Geraldo Justiniano watched a crew last week work on the foundation of a three-family home being put up
on East 139th Street in the South Bronx.



By MANNY FERNANDEZ
July 24, 2006

Technically, the lot on East 139th Street near Willis Avenue in the South Bronx was vacant, according to city records.

Yet there was nothing vacant about it.

Over here was the camper where the guys from the neighborhood watched football games on Sundays. Over there was Izzy’s 1981 Yamaha motorcycle, an old motorboat, a wheelchair, three Rottweilers and the cages for Mr. Lopez’s chickens. Children from across the street used it as a playground. There were parties, domino games, volleyball matches, auto-repair workshops and pig roasts.
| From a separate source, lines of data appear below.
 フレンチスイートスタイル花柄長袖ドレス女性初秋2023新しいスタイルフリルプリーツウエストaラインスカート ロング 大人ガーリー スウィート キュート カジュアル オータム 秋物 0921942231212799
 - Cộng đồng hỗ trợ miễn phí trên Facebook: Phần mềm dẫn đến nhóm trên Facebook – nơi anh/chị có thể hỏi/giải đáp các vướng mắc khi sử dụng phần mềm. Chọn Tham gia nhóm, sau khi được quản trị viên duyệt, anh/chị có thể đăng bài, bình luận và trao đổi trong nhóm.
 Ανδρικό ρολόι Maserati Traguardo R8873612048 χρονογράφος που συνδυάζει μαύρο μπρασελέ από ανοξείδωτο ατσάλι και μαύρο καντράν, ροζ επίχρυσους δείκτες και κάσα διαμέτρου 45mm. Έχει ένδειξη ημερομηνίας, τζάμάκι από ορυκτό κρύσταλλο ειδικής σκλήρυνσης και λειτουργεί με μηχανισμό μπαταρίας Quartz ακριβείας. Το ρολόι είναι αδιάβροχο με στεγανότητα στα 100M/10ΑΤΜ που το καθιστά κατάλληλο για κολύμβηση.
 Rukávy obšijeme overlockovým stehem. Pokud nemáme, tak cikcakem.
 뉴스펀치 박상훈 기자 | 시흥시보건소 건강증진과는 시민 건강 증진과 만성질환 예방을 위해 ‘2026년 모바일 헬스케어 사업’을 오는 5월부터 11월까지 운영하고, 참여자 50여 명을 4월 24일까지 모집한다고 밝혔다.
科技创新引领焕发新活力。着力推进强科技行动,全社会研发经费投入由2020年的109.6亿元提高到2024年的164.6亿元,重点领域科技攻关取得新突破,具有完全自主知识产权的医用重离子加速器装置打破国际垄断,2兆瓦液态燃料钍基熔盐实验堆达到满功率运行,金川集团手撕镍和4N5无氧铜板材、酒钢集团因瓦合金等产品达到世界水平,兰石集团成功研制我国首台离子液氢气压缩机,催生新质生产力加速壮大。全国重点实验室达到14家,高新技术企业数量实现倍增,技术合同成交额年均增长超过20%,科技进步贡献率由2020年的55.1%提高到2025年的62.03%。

About 12 years ago, Geraldo Justiniano decided to reclaim the abandoned lot for the neighborhood. He put up a chain-link fence, laid down some gravel and mowed the grass. And though he lives in a two-bedroom apartment a few blocks away, he would often sleep in the camper on weekends, soaking up life in the great outdoors of East 139th Street, the morning crows of a rooster his alarm clock.
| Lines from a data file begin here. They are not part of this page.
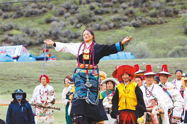 恰拉山以北的林周縣境內(nèi),處處是一片湖光山色交相輝映、風(fēng)吹草低見牛羊的美景,熱振國家森林公園、旁多水庫、生態(tài)長廊阿堆溝等旅游景點(diǎn)集中在北部三鄉(xiāng)。“繽紛四季·多彩林周”活動(dòng)在林周縣唐古鄉(xiāng)藏雄村舉辦。從拉薩出發(fā),驅(qū)車170公里,翻越海拔5000多米的恰拉山。一路上,古柏環(huán)繞,云霧繚繞,漫山遍野的杜鵑花競相綻放,宛如進(jìn)入了世外桃源。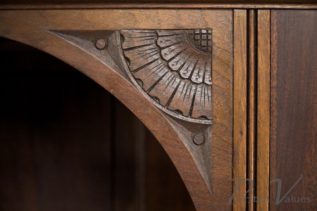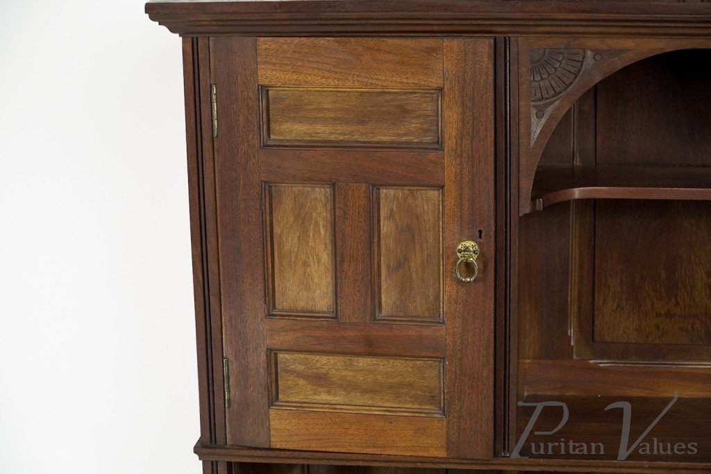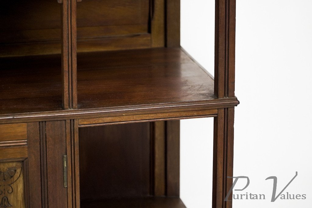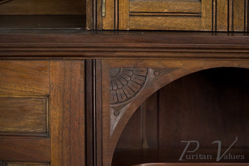 Aesthetic Movement Walnut Cabinet of Architectural Form with Carved Decoration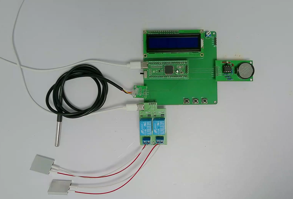 2、通过防水式DS18B20进行测温,当开启电热毯时,如果温度低于设置的最小值,通过两个加热片进行工作(此时为加热模式),直到加热到温度的最大值,此时关闭一个加热片(此时为保温模式)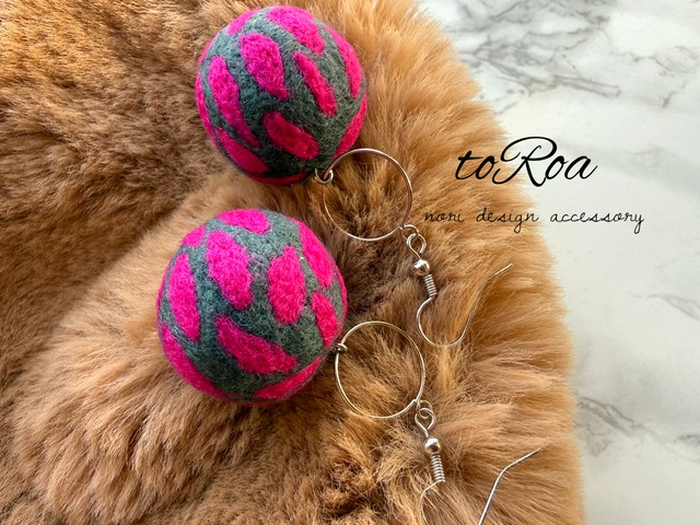 落ち着いたグレーにビビットピンクで柄を描いたデザインアクセサリー デザイン羊毛の大きさ約3センチ 付けた時の長さ約5.5センチ イヤリングや樹脂に変更可能です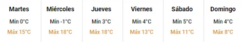 Para este martes se espera que el viento del sector Sur se mantenga por la mañana haciendo descender la temperatura, a una mínima de 0° y una máxima de 15°.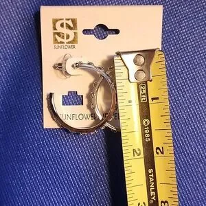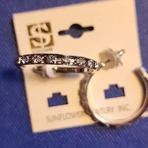 Silver Toned Studded Hoop Earrings With Faux Rhinestones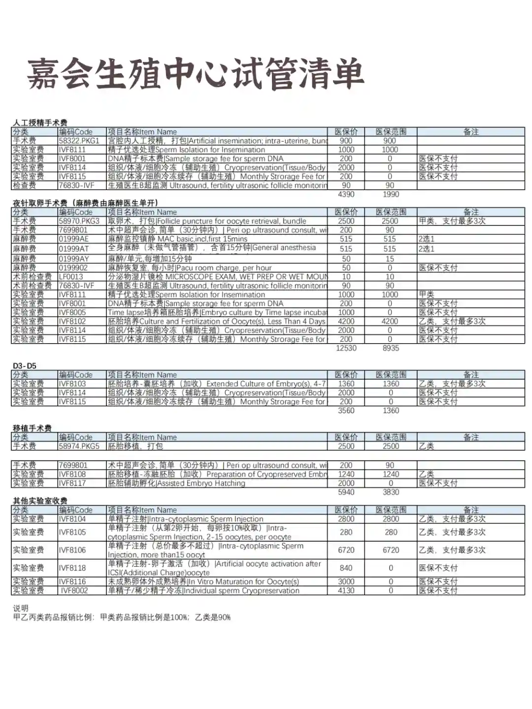 ✅可报销项目:涵盖取卵术、胚胎培养、胚胎培养(囊胚培养)、胚胎移植、胚胎移植 (冻融胚胎)、组织细胞活检、人工授精、人工授精(阴道宫颈内人工授精)、精子优选处理、取精术、取精术(显微镜下操作)、单精子注射等 12 项。
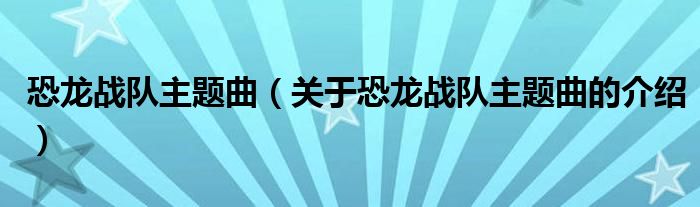 大家好,小新來為大家解答以上的問題??铸垜?zhàn)隊(duì)主題曲,關(guān)于恐龍戰(zhàn)隊(duì)主題曲的介紹很多人還不知道,現(xiàn)在讓我們一起來看看吧!

When the construction crew arrived this month, no one was really surprised. Mr. Justiniano — people call him J. J. — watched one day last week as a giant claw tore a deep hole in the soil. Five three-family homes are going up on the lot, which had become known in this corner of Mott Haven by two names: La Yarda and Paradise.

“A lot of memories,” said Mr. Justiniano, 39. His friends and neighbors have been feeling equally nostalgic: On the Fourth of July, they threw him and La Yarda a farewell party.

The commercial and residential development that has transformed the South Bronx in recent years has done more than added jobs and housing. It has altered the physical landscape, filling in the empty topography that in the 1970’s and 80’s came to symbolize the decline and abandonment of entire parts of American cities.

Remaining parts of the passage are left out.